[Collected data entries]

========================================================================

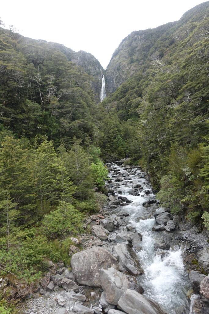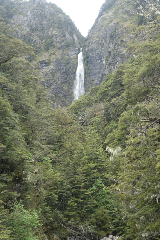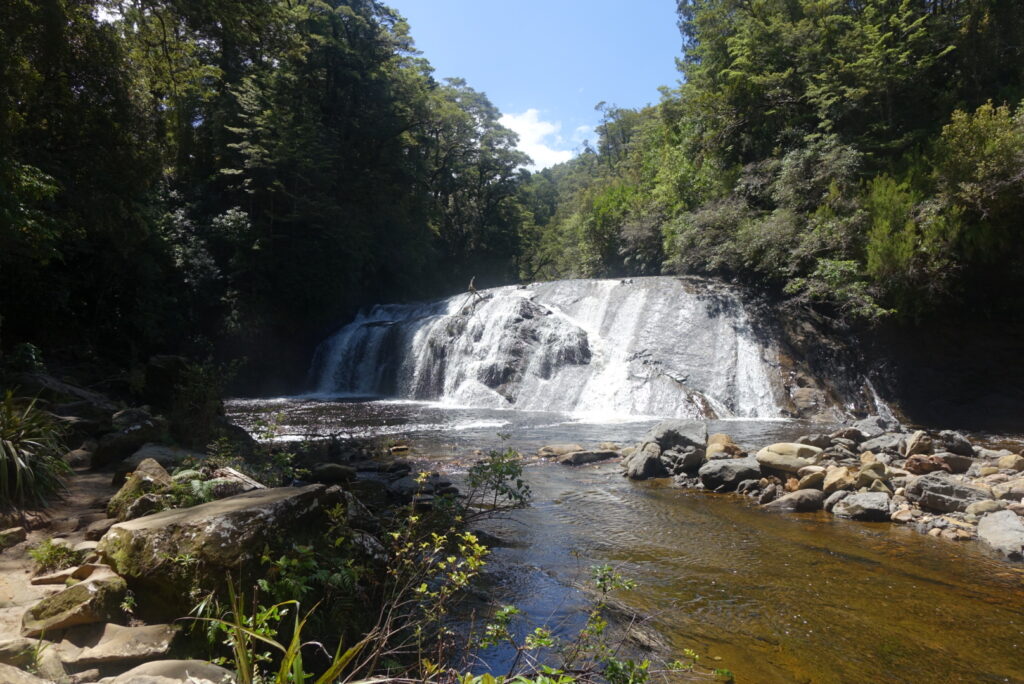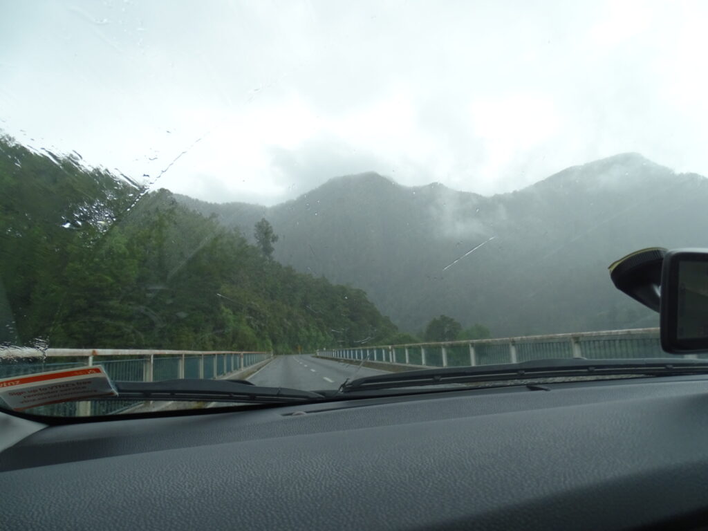 Na een eenvoudig ontbijt op weg naar Arthurs Pass, de Devil’s Punchbowl. De eerste stop van de dag. Bij de accommodatie scheen de zon en was het heerlijk. Maar naar mate we dichter bij Arthurs Pass kwamen werd de bewolking dikker.
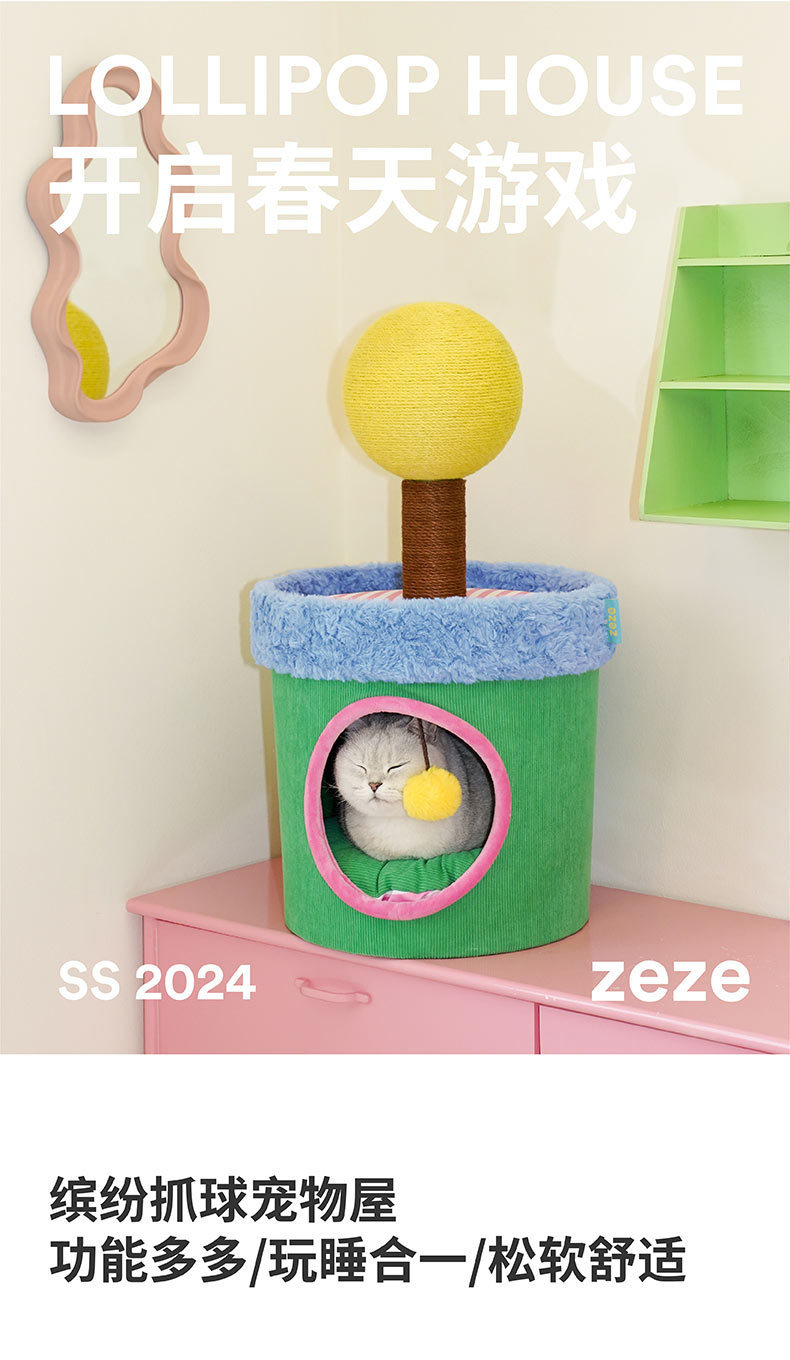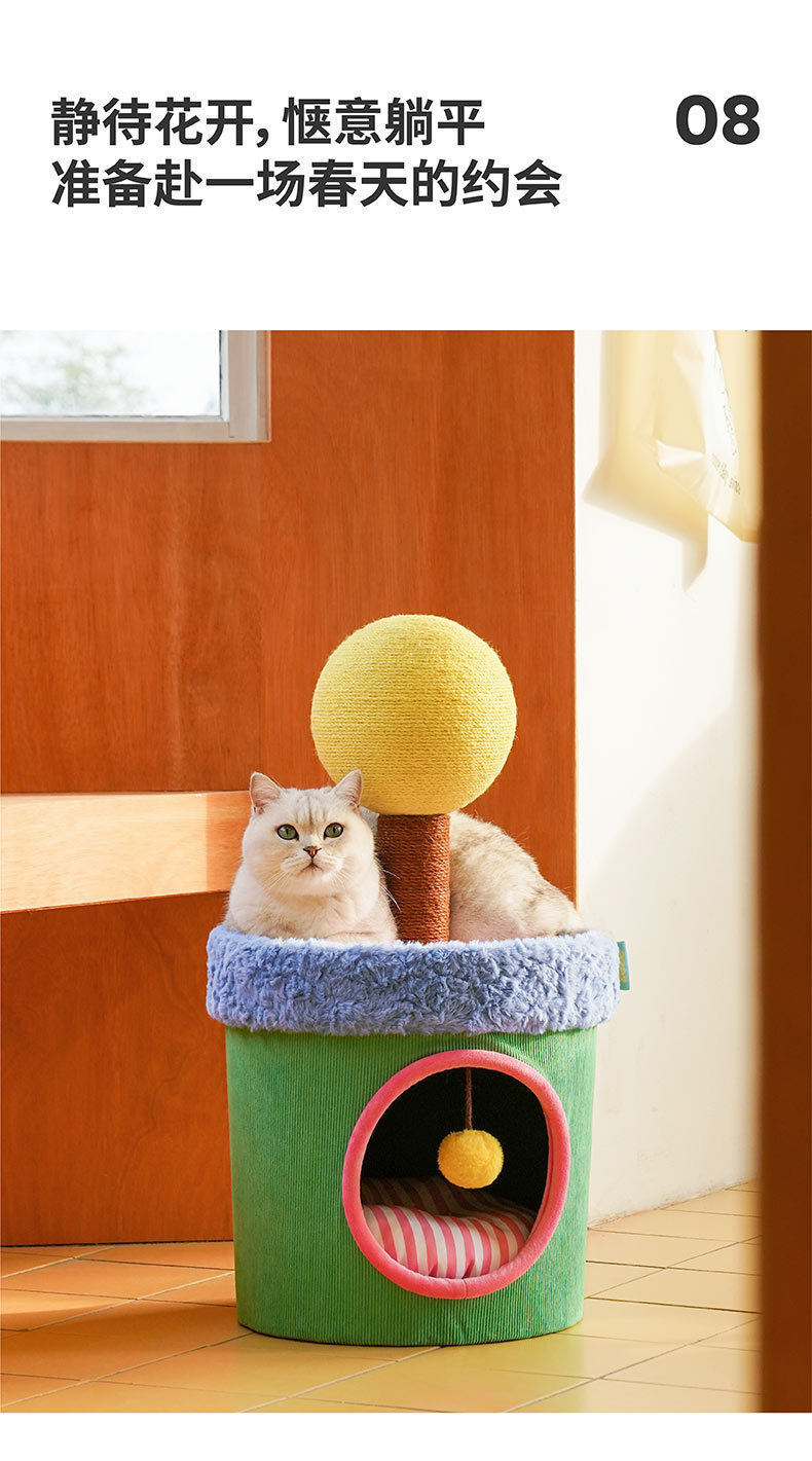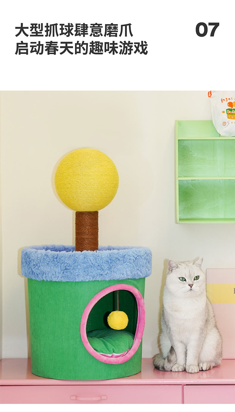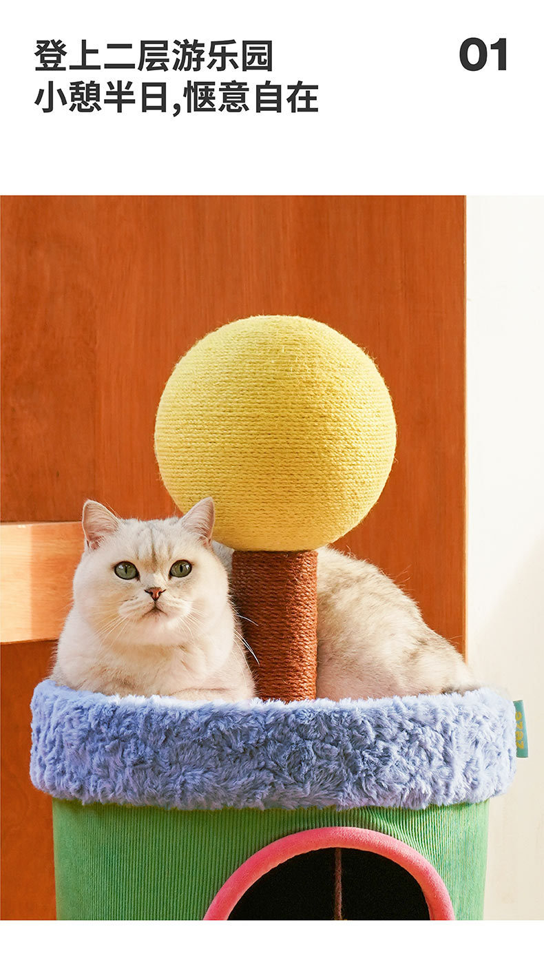 제제 다채로운 색상의 고양이 집, 따뜻한 밀폐형 고양이 하우스, 캣타워 일체형, 부드럽고 통기성 좋은 애완동물 빌라, 고양이 클라이밍 프레임스토어 가기
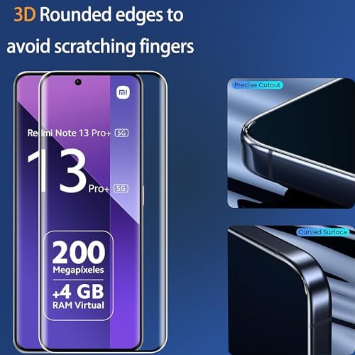 [Highly Transparent]This kind of screen protector is 99% High Definition Clarity, 99% light transmittance, keeps the brightness and colorful image quality of your Xiaomi Redmi Note 13 Pro+ 5G/Redmi Note 13 Pro Plus 5G,High-response and high transparency,reaching a 2.5D arc edge
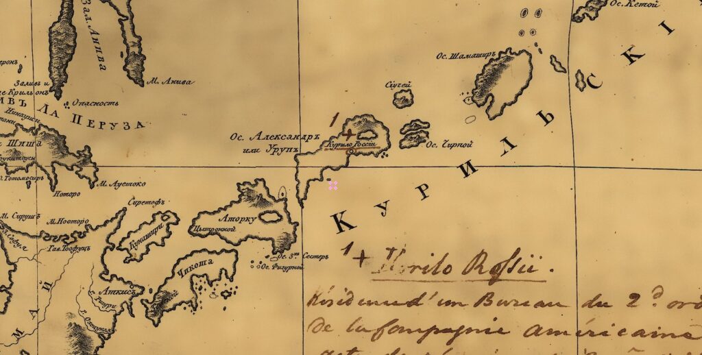 Самым южным островом России на Курилах оказывается о. Уруп. В целях лучшего управления Курильскими островами по указанию русского правительства Российско-Американская компания на основе существовавшего на острове Уруп русского поселения создала особый Курильский отдел во главе с мичманом А.К. Этолиным. 23 апреля 1828 г. российское поселение на острове Уруп было восстановлено силами Российско-Американской Компании (под руководством Сысоя Слободчикова и Андрея Мыльникова).
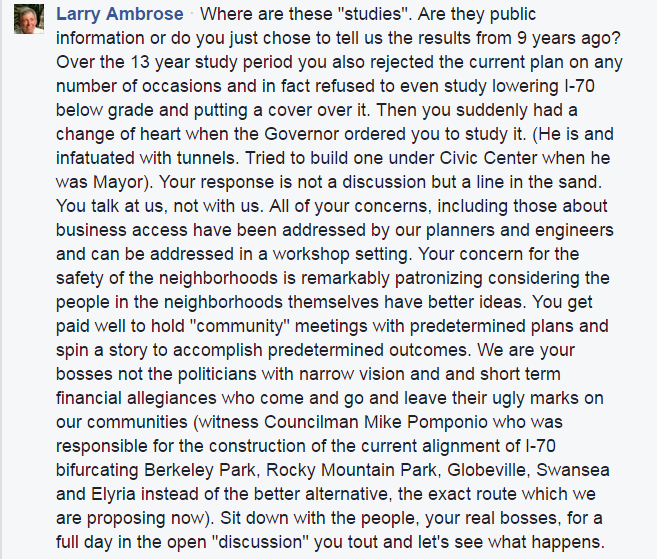 Many of the opponents have pushed for re-routing the highway farther north, along the 270 corridor. But CDOT officials have maintained that their own studies of that alternative indicated it would involve costly changes at several major interchanges and create additional mobility issues. That led to heated responses from neighborhood activists, including this one from former mayoral candidate Larry Ambrose:
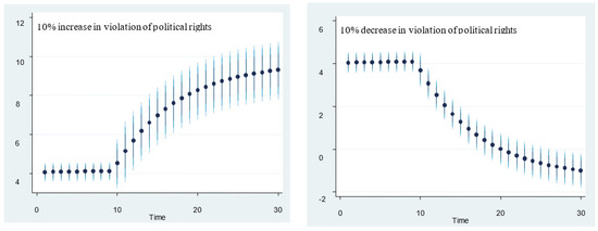 Figure 7 depicts the impact of positive and negative changes in the violation of political rights on the domestic investment in Bangladesh. The first graph shows that a 10% positive increase in the violation of political rights has a positive effect both in the short run and in the long run. In comparison, a 10% adverse change indicates a positive impact in the short run and a negative effect in the long run. This effect on the domestic investment increases with adverse changes in the long run.
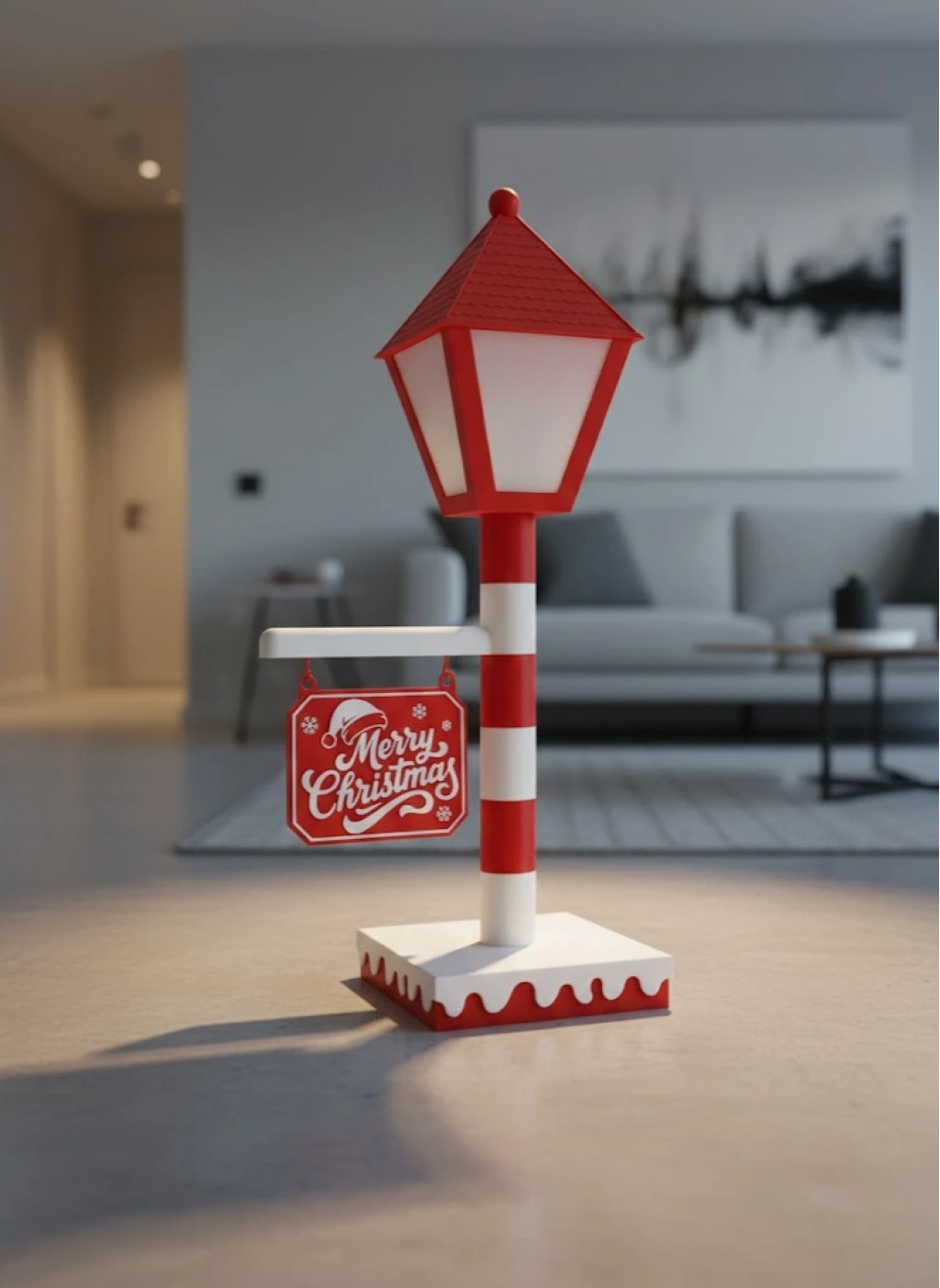 Klasik Noel tasarımından ilham alan Yılbaşı Tabelalı Dekoratif Lamba, kırmızı şapkalı direk formu ve asılı “Merry Christmas” tabelasıyla yılbaşı süslemelerine nostaljik bir dokunuş katar. 60 cm yüksekliği sayesinde bulunduğu ortamda hemen fark edilir ve dekorasyonun odak noktası haline gelir.Aparatlı yapısı sayesinde istenirse daha yüksek konumlandırılabilir, masa üstü, yer dekoru veya vitrin önü kullanımına uygundur. Yumuşak aydınlatması sayesinde ortamı boğmadan sıcak bir ışık yayar. Özellikle salon, antre, mağaza vitrini ve yılbaşı konseptli alanlarda şık bir görünüm sağlar.Yılbaşı dekorasyonunu tamamlamak isteyenler için hem dekoratif hem de aydınlatıcı bir üründür.

========================================================================

WORK TO COMPLETE:
Print exactly the first line of the entries and every line after it through the one that contains "[Highly Transparent]This kind", leaving the pictures out.

EXERCISE SOLUTION:
 Na een eenvoudig ontbijt op weg naar Arthurs Pass, de Devil’s Punchbowl. De eerste stop van de dag. Bij de accommodatie scheen de zon en was het heerlijk. Maar naar mate we dichter bij Arthurs Pass kwamen werd de bewolking dikker.
 제제 다채로운 색상의 고양이 집, 따뜻한 밀폐형 고양이 하우스, 캣타워 일체형, 부드럽고 통기성 좋은 애완동물 빌라, 고양이 클라이밍 프레임스토어 가기
 [Highly Transparent]This kind of screen protector is 99% High Definition Clarity, 99% light transmittance, keeps the brightness and colorful image quality of your Xiaomi Redmi Note 13 Pro+ 5G/Redmi Note 13 Pro Plus 5G,High-response and high transparency,reaching a 2.5D arc edge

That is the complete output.